August 4, 2003

FORKWORTHY FILES

Poll is big uh-oh for Gephardt (DAVID YEPSEN, 08/03/2003, Des Moines Register)
Is Howard Dean on his way to the Democratic presidential nomination? Could be. Today's Iowa Poll of Democratic caucus-goers shows the former Vermont governor has moved into first place in Iowa, knocking Missouri Congressman Richard Gephardt from that long-held perch.

That's more great news for Dean, who's been enjoying a lot of that lately, and another hard blow to Gephardt, whose campaign seems flat. It's also bad news for Massachusetts Senator John Kerry, who is in
third place. Not because he's running third here, but because of what a first-place Dean finish in Iowa is going to mean to Kerry's chances in New Hampshire.

Consider the scenario this poll suggests: Dean upsets Gephardt in Iowa. That could knock Gephardt out of the race. (He's already had trouble raising money, and an Iowa defeat means a rejection by the very people who elevated him to national stature in1988.)

A caucus victory in Iowa is always worth a few points going into New Hampshire. Since Kerry and Dean are in a virtual tie in New Hampshire, an Iowa victory for Dean could push him over the top in the Granite State. Any candidate who wins both Iowa and New Hampshire is going to be hard to stop for the nomination.
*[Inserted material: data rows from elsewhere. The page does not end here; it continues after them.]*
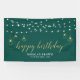 Este diseño de pancarta para eventos presenta luces de cuerda geométricas doradas con estilo y tipografía de "Feliz Cumpleaños" sobre un fondo verde esmeralda. Esta pancarta de felicitaciones es la decoración perfecta para eventos modernos. Puedes personalizar el nombre y el texto en la parte inferior de la pancarta para tus eventos.
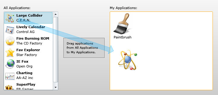In the example the ListBoxes and the DragCue have different templates for the same business objects (ApplicationInfo) which give different look for the same underlying data.
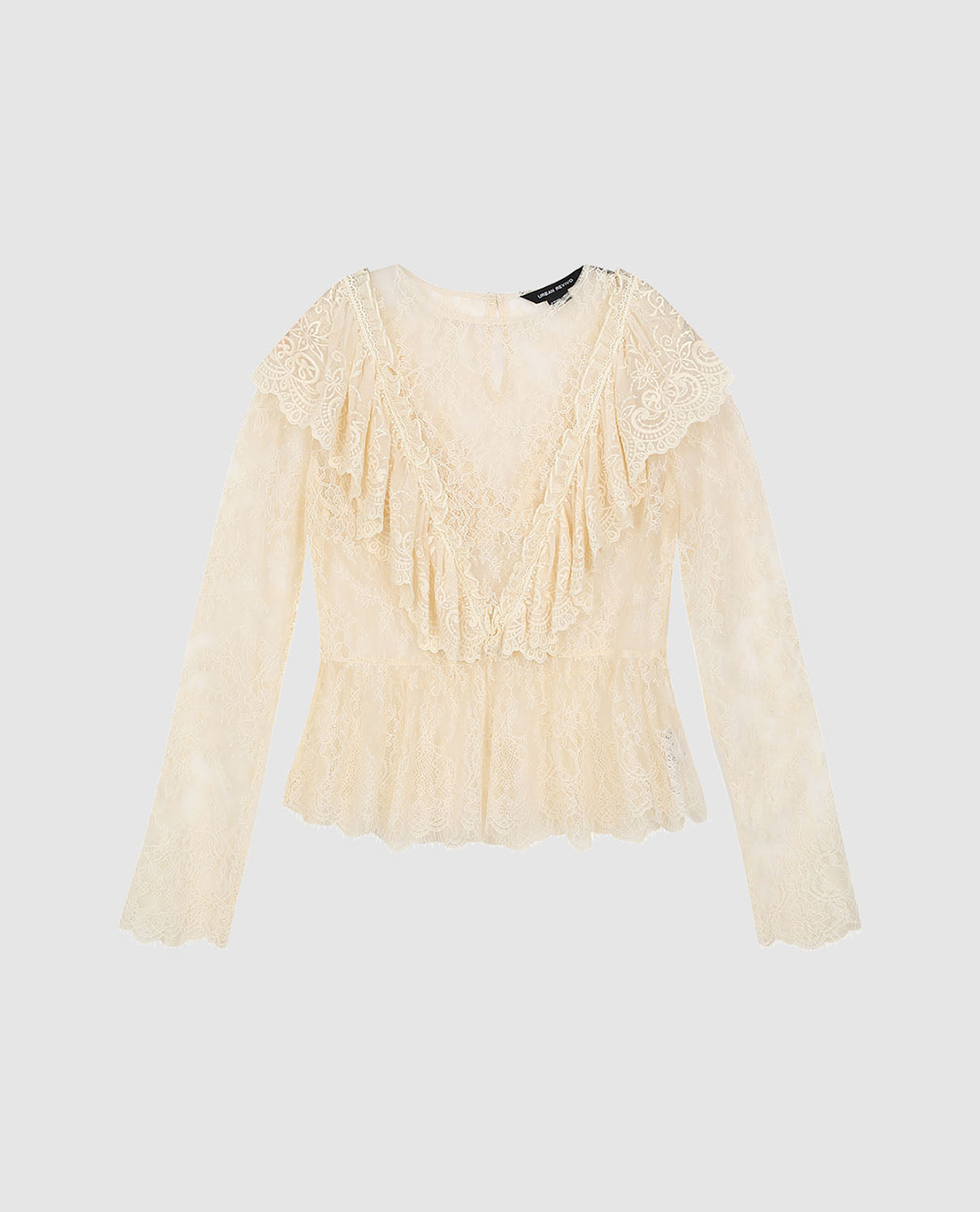 Áo kiểu nữ cổ V tay dài nhún bèo Ruffle Hem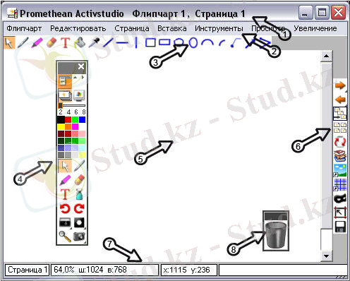 Арнайы ақ түсті интерактивті тақта қолдануға жасалған Activstudio интерфейсі (3-сурет) .

It becomes ever harder to believe that the next Democratic presidential nominee is currently a declared candidate. The ambitions of politicians too abhor a vacuum and having Howard Dean as your party's front-runner just sucks.

MORE:
Team touted by Gephardt fades in Iowa (Jon Sawyer, 08/02/2003, St. Louis Post-Dispatch)
When Richard Gephardt announced his "leadership team" of Iowa supporters a month ago he said, "I don't take one bit of support for granted," and touted what he called "a great team of folks behind me."

But in politics, a month can be painfully long, and if Gephardt looks behind him now he'll find that his leadership team is fading in a state deemed crucial to his presidential hopes.

Of the 34 "leadership" individuals listed until Friday on Gephardt's Iowa campaign Web site, 11 say that in fact they are either undecided in the presidential campaign or actively supporting one of Gephardt's rivals.

At least seven of those listed, including three mayors and a county supervisor, say they never intended to be counted among Gephardt supporters to begin with.

Among the 15 individuals who identified themselves as actual Gephardt supporters, several appeared to be wavering.

The Stop-Dean Candidate: Hillary: If Mrs. Clinton wants to save her party, 2008 may be too late. (ROBERT L. BARTLEY,
August 4, 2003, Wall Street Journal)
Hillary, she's the one. It's not exactly my place, as one who joined the vast right-wing conspiracy as soon as she advertised it, to endorse Sen. Clinton. But in recent polls among Democrats she
swamps the announced candidates if her name is included. She's been stumping the country with book signings, and is headed to California to save Gray Davis.

Since her health-care fiasco, too, she's learned something about triangulation. She did vote for the war resolution, and has been cautiously supportive since. Her husband, of course, recently said that when he left the presidency Iraq had unaccounted-for stocks of chemical and biological weapons, and dismissed as minor Democratic complaints about the 16 words in President Bush's State of the Union address.

At a confab of liberal lawyers last week, Mrs. Clinton made an intriguing comment that the depredations of the Bush administration "can no longer be observed from the sidelines." Onetime inside adviser Dick Morris has predicted she'll run this year if the Bush approval rating dips below 50%. It dropped to 56% in the latest Wall Street Journal/NBC News poll, down from 62% in May. [...]

Watching Mr. Dean's surge in the primaries, Sen. Clinton may have to rethink her preference of delaying a presidential bid until 2008 to run against Gov. Jeb Bush or some other non-incumbent. By then it may be too late, not for her but for her party. A Dean candidacy would stamp Democrats more clearly than ever as a party that runs hoping for a sour economy at home and rooting for American humiliation in Iraq.